Conversely, if a machine is running, everyone assumes all is well with the world. But is it really? Is the machine producing good parts? Is the machine in a healthy, well-maintained state, or will things go awry sooner rather than later? Is the machine producing the right parts for the right job at the right quantities, and how well is it producing them? Is the operation running as efficiently as it could be?

In recent years, machine vendors and third-party players have introduced monitoring systems that aim to make the shop floor much more transparent. They offer, among other things, dashboards showing actual machine uptimes and idle times. Such platforms connect directly to the machine and don’t require manual input.

Historically, machine uptime has been looked upon in a binary way—it’s either running or it isn’t—and again, a lot of that information is based off simple assumptions. I can hear and see the machines running, so everything must be OK. But the shop floor isn’t that simple—a reality that continues to reveal itself in the increasingly connected shop.

The Monitoring Continuum

Today’s machine and third-party vendors offer a variety of software that can track actual machine utilization, an act that itself can help fabricators identify previously hidden problems, boosting utilization and efficiency right off the bat. Depending on the product and level of service, software also can relate that utilization data to specific jobs and other machines in the value stream or job routing. Then comes condition monitoring, which delves into machine-level data to determine the machine’s health and identify issues before they snowball into larger problems.

The level of integration and sensing intelligence depends on the software used and the age and brand of the machine. On some modern machines, a fabricator might be able to track specific alarm codes or the condition of specific components. Still, even the simplest sensors on ancient machines can reveal a lot about an operation’s efficiency.

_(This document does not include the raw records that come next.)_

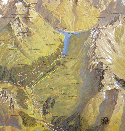Nach einer halbstündigen, kurvenreichen Busfahrt von Illanz erreicht der Besucher das Dorf Vals, das zuhinterst in der Surselva liegt. Der Weg führt an steilen Felswänden, Vegetation und Wasser vorbei.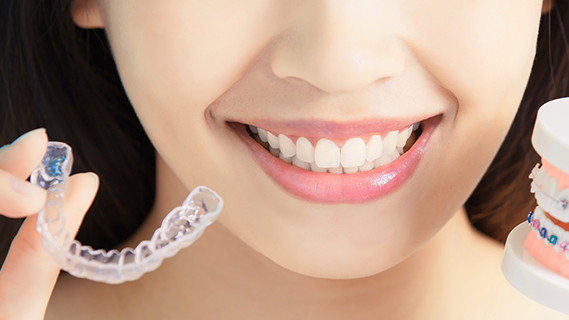透明のマウスピース型矯正装置は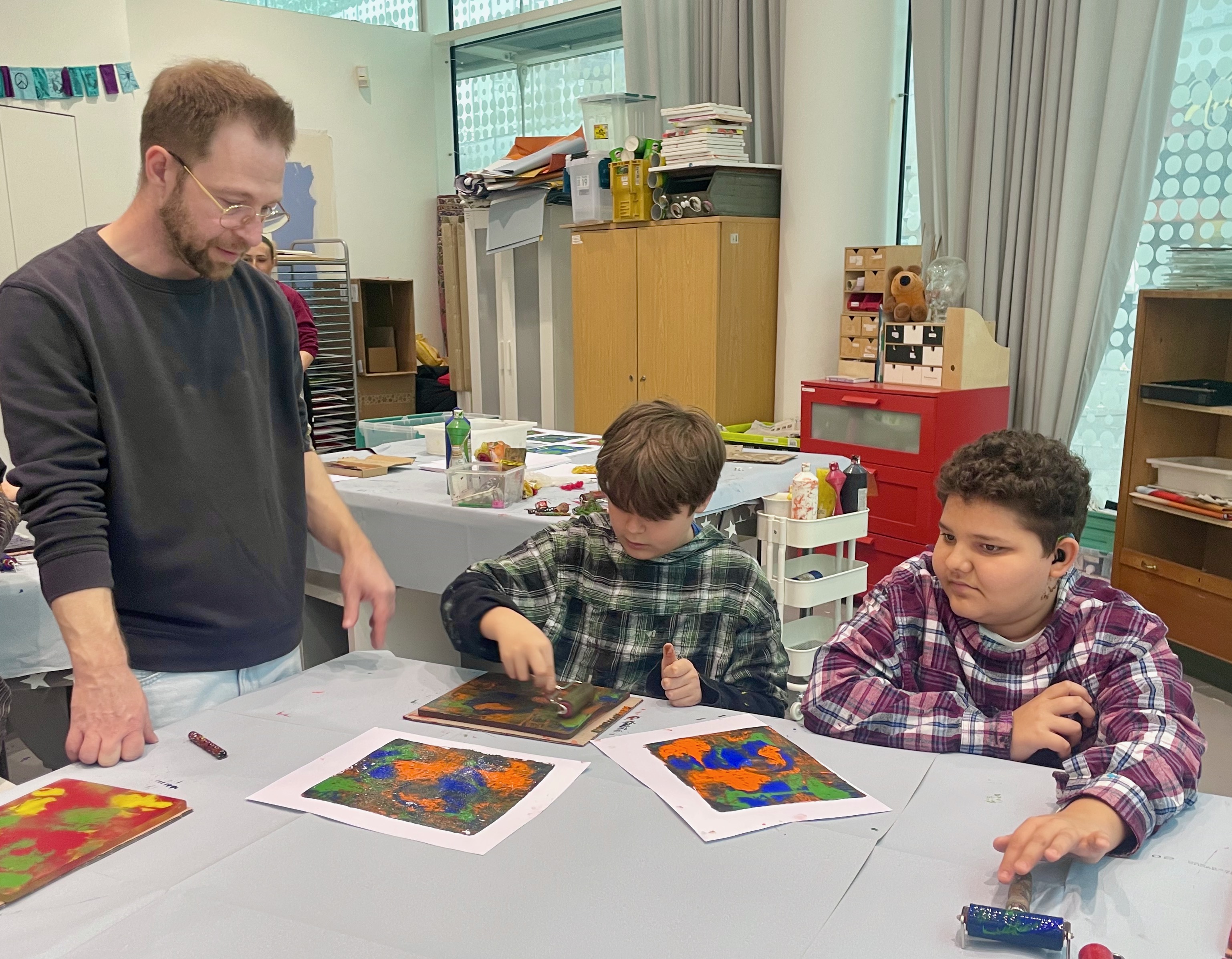 Anschließend sind wir ins Malbüro gegangen und haben selbst Bilder gemalt und gedruckt. Dafür mussten wir zuerst Schürzen anziehen.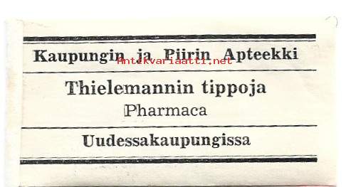 Kaupungin ja piirin apteekki Uusikaupunki / Thielemamannin tippoja lääke-etiketti, apteekkietiketti etiketti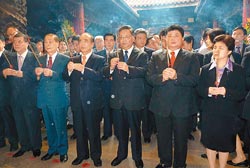 福建省長黃小晶(右三)與臺“立法院長”王金平(左三)、鎮瀾宮董事長顏清標(右二),向鎮瀾宮媽祖上香祝壽。圖片來源:臺灣《中國時報》

Machine utilization measurement, job tracking, and machine condition monitoring are often viewed in separate sandboxes. That said, the lines between software functionalities may blur in the coming years. Specific shop floor problems have many causes that can’t be pigeonholed into one category. For instance, poor utilization on a press brake might have to do with not just the condition of the machine (leaking hydraulic oil, for instance) but also the sequence and nature of jobs the machine processes throughout the shift (job tracking and scheduling).

Fabricators who think broadly, connect the dots, and identify patterns of events might find they get more out of the machines they run and the people they employ. Such a feat will become only more important as the labor shortage persists.

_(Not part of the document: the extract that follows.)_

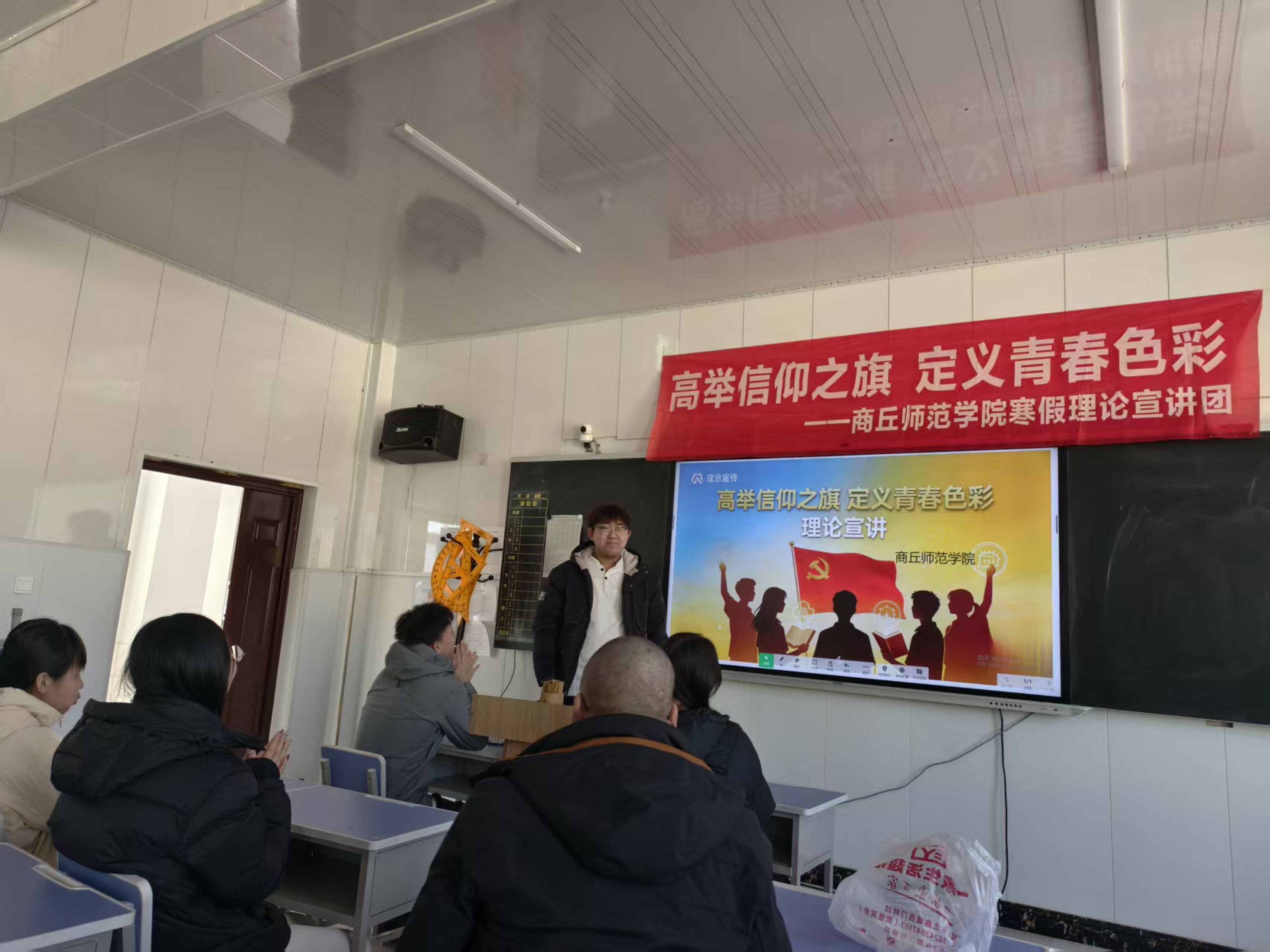2026年寒假期间,测绘与规划学院组建“青春的色彩”理论宣讲团赴家乡开展“高举信仰之旗 定义青春色彩”主题宣讲活动。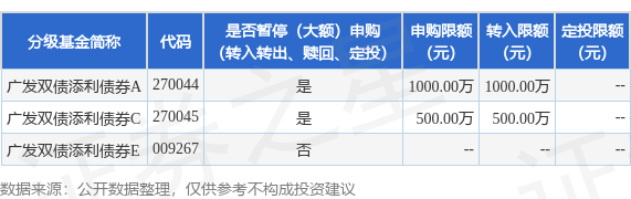 证券之星消息,4月14日广发基金管理有限公司发布《关于广发双债添利债券型证券投资基金A类和C类基金份额调整机构投资者大额申购(含转换转入、定期定额和不定额投资)业务限额的公告》。公告中提示,为满足投资者的投资需求,自2025年4月15日起广发双债添利债券型证券投资基金A类和C类基金份额调整机构投资者大额申购(含转换转入、定期定额和不定额投资)业务限额,下属分级基金调整明细如下:

The Subtleties Behind Measuring Productivity

Broad measurements of uptime data reveal a metal manufacturing industry full of underutilized assets. In January MachineMetrics, Northampton, Mass., released a report showing average machine uptimes throughout its customer base, which incudes machine shops as well as various sheet metal and plate fabrication operations. Machines like automated laser cutting centers experience much higher uptimes than their manual counterparts. Still, the uptime average in 2021 remained stubbornly low at only 28%.

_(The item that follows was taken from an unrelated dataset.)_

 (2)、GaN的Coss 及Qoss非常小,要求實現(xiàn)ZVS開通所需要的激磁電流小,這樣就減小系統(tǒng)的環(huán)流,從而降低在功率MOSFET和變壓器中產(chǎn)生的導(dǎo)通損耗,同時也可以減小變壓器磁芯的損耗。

Low utilization rates “was really the spark that led us to start this company,” said Eric Fogg, MachineMetrics’ co-founder and chief customer officer. “You can ask the owners of a lot of companies, ‘How much are your machines running? What’s the utilization rate?’ It’s a simple question that not a lot of people can answer.”

Machine monitoring in metal fabrication shop

Truth, the saying goes, resides on the shop floor, and today’s software can track various activity (not just uptime) as reported automatically by the machines themselves. AMADA AMERICA

Fogg added that many in manufacturing think a machine with unplanned downtime happens “because of the limitations of the machine, machine maintenance issues, or perhaps difficulties with the job. And yes, those things are huge, and there’s a lot of work to be done in those areas. But a lot of it has to do with planning and organization. Do we have the labor and machines to complete this work? Do we have jobs organized in such a way that will ensure jobs will run efficiently in succession to each other?”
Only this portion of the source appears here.